*** Opening of Information shown ***
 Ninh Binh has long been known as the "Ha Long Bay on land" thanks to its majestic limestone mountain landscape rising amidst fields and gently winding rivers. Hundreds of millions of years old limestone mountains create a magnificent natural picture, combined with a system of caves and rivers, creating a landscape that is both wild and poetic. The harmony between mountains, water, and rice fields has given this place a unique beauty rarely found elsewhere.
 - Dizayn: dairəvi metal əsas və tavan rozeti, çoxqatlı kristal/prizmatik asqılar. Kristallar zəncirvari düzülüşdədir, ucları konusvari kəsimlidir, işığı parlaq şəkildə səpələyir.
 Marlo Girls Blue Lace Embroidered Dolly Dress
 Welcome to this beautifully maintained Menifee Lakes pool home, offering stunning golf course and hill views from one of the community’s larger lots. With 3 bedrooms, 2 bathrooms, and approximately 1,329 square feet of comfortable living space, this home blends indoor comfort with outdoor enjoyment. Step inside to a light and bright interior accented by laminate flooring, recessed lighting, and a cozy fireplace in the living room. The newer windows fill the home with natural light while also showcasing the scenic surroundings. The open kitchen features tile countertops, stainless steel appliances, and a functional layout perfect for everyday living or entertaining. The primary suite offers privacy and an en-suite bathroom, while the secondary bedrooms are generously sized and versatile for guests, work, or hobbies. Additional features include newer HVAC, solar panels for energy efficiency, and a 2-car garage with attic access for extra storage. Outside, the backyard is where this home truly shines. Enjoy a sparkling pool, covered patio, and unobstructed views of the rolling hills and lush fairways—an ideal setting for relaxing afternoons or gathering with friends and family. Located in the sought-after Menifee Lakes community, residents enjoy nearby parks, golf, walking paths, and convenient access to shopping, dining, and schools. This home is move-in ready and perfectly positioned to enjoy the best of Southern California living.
*** Close of Information shown ***
*** Opening of Information shown ***
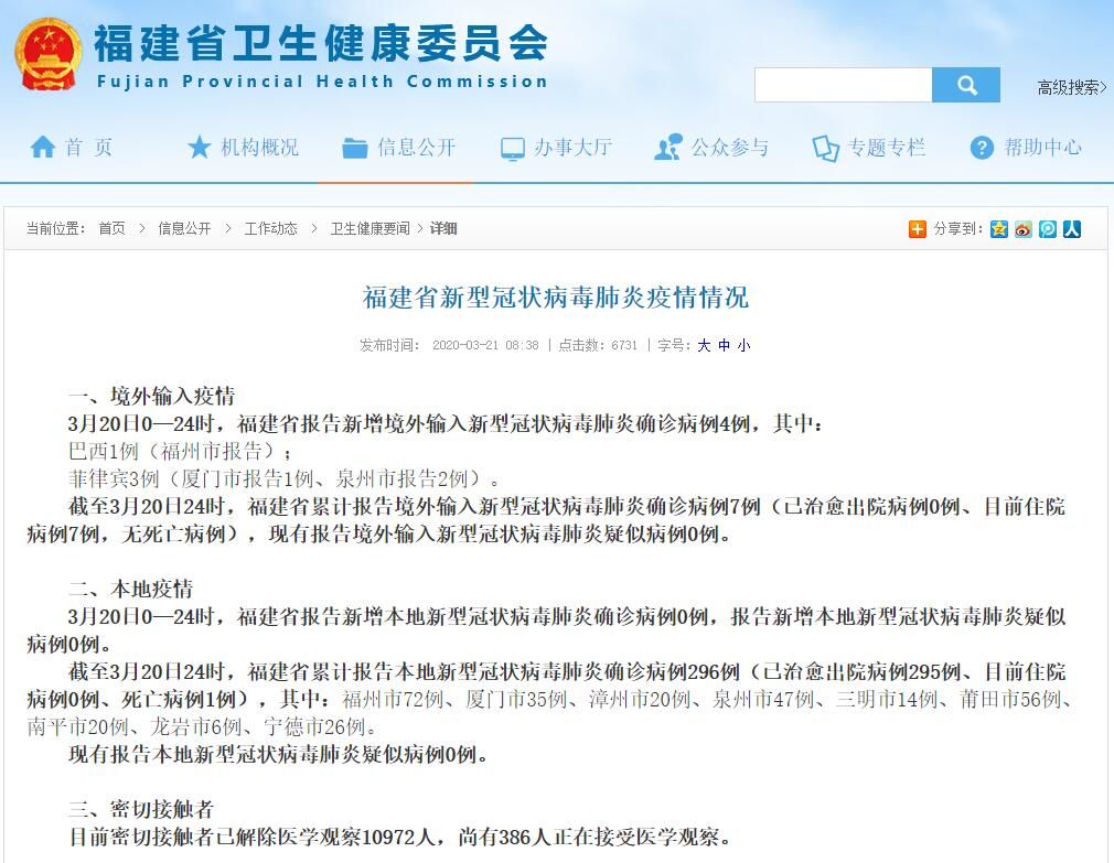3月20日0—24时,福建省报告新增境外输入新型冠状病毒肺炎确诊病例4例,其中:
*** Close of Information shown ***
_Your assignment_
With the first line being the one containing "Ninh Binh has" and the last line the one containing "Marlo Girls Blue", transcribe exactly the lines above that fall in that range.

_Answer to this task_
 Ninh Binh has long been known as the "Ha Long Bay on land" thanks to its majestic limestone mountain landscape rising amidst fields and gently winding rivers. Hundreds of millions of years old limestone mountains create a magnificent natural picture, combined with a system of caves and rivers, creating a landscape that is both wild and poetic. The harmony between mountains, water, and rice fields has given this place a unique beauty rarely found elsewhere.
 - Dizayn: dairəvi metal əsas və tavan rozeti, çoxqatlı kristal/prizmatik asqılar. Kristallar zəncirvari düzülüşdədir, ucları konusvari kəsimlidir, işığı parlaq şəkildə səpələyir.
 Marlo Girls Blue Lace Embroidered Dolly Dress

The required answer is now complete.